Please, read my comment. I'm not pro-Chinese oppression. I hope I made it very
clear that the ASML story was on topic and that it was very good to cover it,
etc. This thinking of "either you are my friend and agree 100% with me or you
are my enemy" is dangerous and I recommend you try to change the general
thought pattern. You'll be a better person afterwards. There is nuance in the
world!

> Everyone with an interest in technology and freedom would be wise to pay
> attention to what is going on in China right now.

I definitely do pay attention but the anti-China posts are literally
everywhere by now. Every one of my news sources is constantly running anti-
China pieces. As I've pointed out there is already a anti-China story on the
frontpage. Isn't one enough? There have been anti-China pieces on this page
constantly.

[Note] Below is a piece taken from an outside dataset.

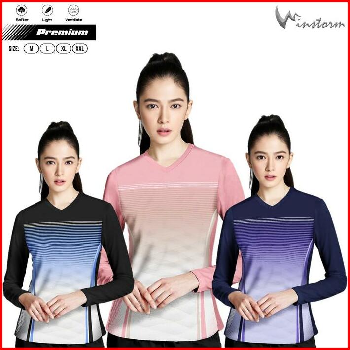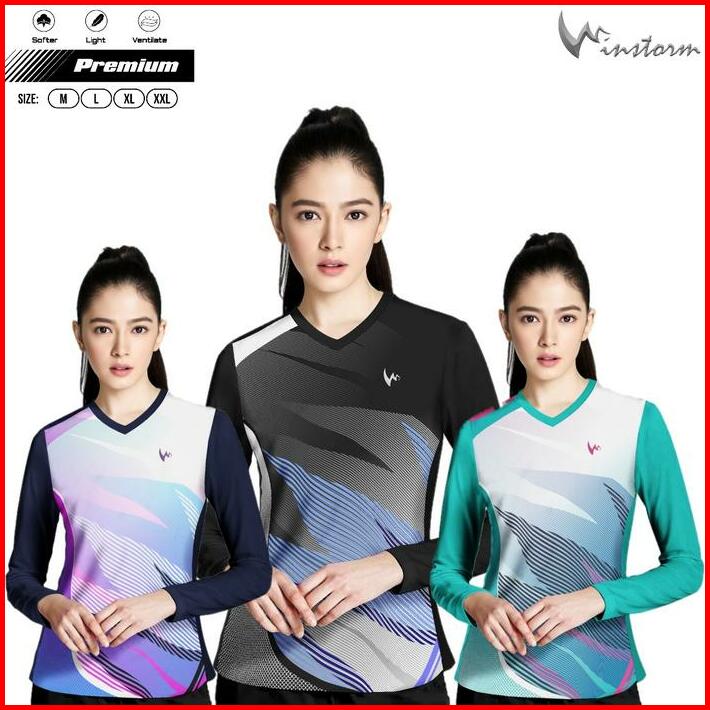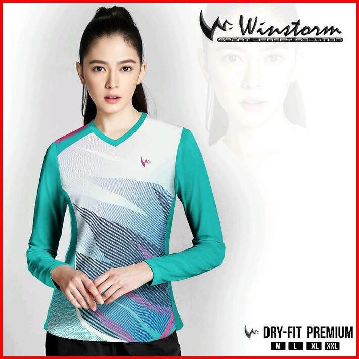Winstorm Lengan Panjang Baju Olahraga Cewe Premium Dewasa Jersey Badminton Wanita Koas Voli Print Sport

Is hn the Chinese revolution headquarters?

Your idea of a coordinated effort to push an agenda might not be wrong, after
all Russia has been doing this so why not China, but note that your argument
works in the other direction as well: maybe the reason for all of these anti-
Chinese news stories is because of the US-Chinese trade war. It's well known
that the USA doesn't care much about human rights in countries that do what
the USA wants. Instead, the big "let's gift them freedom" idea mainly comes up
when they happen to be unaligned with Washington foreign policy. The US mass
media has, let's put it mildly, always been patriotic and supported that
pattern with suiting news stories. This old alliance works greatly, even
despite the war between Trump and the media. This particular story is just
part of that pattern. Just wait, by when US-Chinese relations improve, these
stories will disappear from the frontpage and other news outlets again.

Again, I fully agree that the Chinese government is a big threat to freedom
and democracy. I've said so in multiple comments on this page.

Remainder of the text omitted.